- Kreon as depicted in Green Lantern (vol. 3) #34 (December 1992). Art by M. D. Bright.

Publication information
- Publisher: DC Comics
- First appearance: Green Lantern (vol. 3) #22 (March 1992)
- Created by: Gerard Jones (writer) Pat Broderick (artist)

In-story information
- Full name: Kreon
- Species: Teban
- Place of origin: Tebis
- Team affiliations: Green Lantern Corps Black Lantern Corps
- Abilities: Green and Black Lantern power rings

= Kreon =

Kreon is a fictional character featured in comic books published by DC Comics, primarily in association with the Green Lantern Corps. He first appeared in Green Lantern (vol. 3) #22 (March 1992).

==Fictional character biography==
A Teban warlord, General Kreon sought to end wars on Tebis rather than start them. He had seen the horrors of war and previously lost an eye and an arm in his service to the military. His beliefs about war were in complete contrast to that of his species, who generally glorify war and the domination of other species.

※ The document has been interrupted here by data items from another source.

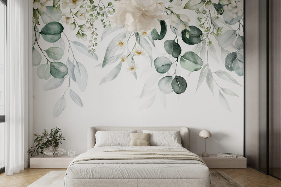 Verwandeln Sie jeden Raum in eine heitere Oase mit dieser atemberaubenden Fototapete, die elegantes Laub und reizvolle Blumenarrangements zeigt. Stellen Sie sich vor, Sie betreten einen Raum, in dem üppiges Grün und zarte Blüten Sie wie eine einladende Umarmung begrüßen. Es ist, als ob man sich die Natur ins Haus holt, nur ohne die Ungeziefer – und wer liebt das nicht? Dieses Wandbild strahlt Charme aus und eignet sich perfekt für eine gemütliche Leseecke oder ein stilvolles Wohnzimmer. Der Aquarell-Effekt sorgt für eine verträumte Atmosphäre, die es leicht macht, bei einer Tasse Tee die Zeit zu vergessen. Die Gäste werden in den Bann gezogen und nehmen sich wahrscheinlich einen Moment Zeit, um die Kunst zu genießen. Ob für ein frisches Update oder eine komplette Neugestaltung, dieses Wandbild verspricht, jeden Bereich mit Wärme und Lebendigkeit zu erfüllen. Lassen Sie sich von der Schönheit der Natur für Ihren Alltag inspirieren!
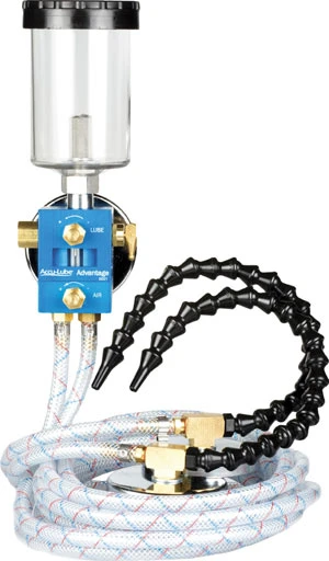 Accu-Lube's applicator is ideal for shops interested in getting started with minimum quantity lubrication. The heavyduty magnetic base and easy-to-use controls on this applicator makes it a breeze to install and operate. The easy portability of this unit is great in shops where operators move in between different machines because the Advantage Applicator can easily move with the machinist to service all of his operations. With the Accu-Lube Advantage Applicator there is no fluid maintenance and no disposal costs to worry about. And by using MQL shops are able to eliminate wet, messy flood coolants which produce dangerous mists that are harmful to operators and create rust on parts and machines. The Accu-Lube Advantage Applicator is available in one- and two-nozzle models.
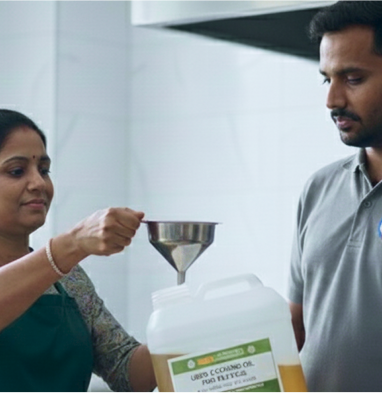 Licensed recyclers convert used oil into biofuel, supporting environmental sustainability and a circular economy

Seeking to end his race's bloodlust and to end the wars for good, Kreon recruits Star Sapphire from a local thug named Flicker. However, Star Sapphire is unable to be controlled and kills over a dozen men before being subdued. Shunned by his fellow Chieftains because of his lack of strength and the destruction his failed plan had wrought, Kreon attracts the eye of Hal Jordan. Impressed and seeing his potential, Jordan recruits Kreon into the Green Lantern Corps.

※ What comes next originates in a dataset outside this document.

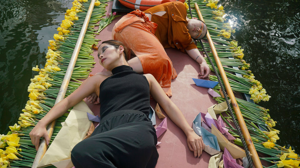 "Ming Ming" is a physical theater work, an artistic synthesis of body, material installation, multimedia video, and sound elements. Its meaning refers to the concept of 'when I enter the dream, I am originally desire'. At midnight, the physical body out of thin air no longer mixes with thoughts, and the world of the dreamer starts from this moment. A silvery Buddha is writhing on the ground; the German woman on the 19th floor throws bundles of plantains out of the window; the pink crowd cuts itself with a razor blade; the sea whale that swallowed him is in its twilight years. "Ming Ming" is inspired by more than three hundred dreams recorded by the creator himself over the past nine years, totaling more than thirty-five thousand words. The desire for extreme pleasure only results in being buried in the daytime; the night gives space for the mirth to become a visualized fragment. Room, fear, repetition, family, you, and I suffocate in dreams and enjoy in dreams. Real, unreal, the performer melts everything intimate into a dream, inviting you into this weightless orgy. At midnight when I fall asleep in my dream, I am supposed to enjoy my desire to live. This is everything about "Ming Ming", and everything about you.

When Hal introduces Kreon to the Corps, he is taken in by Kilowog, who trains him along with his fellow Lanterns. Among his fellow rookies, Kreon has a particular dislike for Boodikka, who he sees as barbaric and lacking in discipline. Their disagreements with each other eventually endanger the protection of the Guardians.

Kilowog calls John Stewart to give Kreon and Boodikka a 'pep talk' on tolerance. When this fails, Guy Gardner uses his Power Ring to make the two confront manifestations of their fears. While Boodikka belittles Kreon for his inability to defeat his opponent, she is unable to defeat her own. Realizing that they finally need each other, the two switch opponents and come out victorious.

Hal Jordan and Guy Gardner later discover that Kreon and Boodikka have been captured by the Manhunters, along with the other Lost Lanterns. Kreon is mortally wounded while battling the Manhunters and dies in Boodikka's arms. His ring, upon his death, chooses Boodikka as his successor.

During the Blackest Night event, Kreon is one of the many fallen Lanterns who are resurrected to join the Black Lantern Corps.

== In other media ==
Kreon appears as a character summon in Scribblenauts Unmasked: A DC Comics Adventure.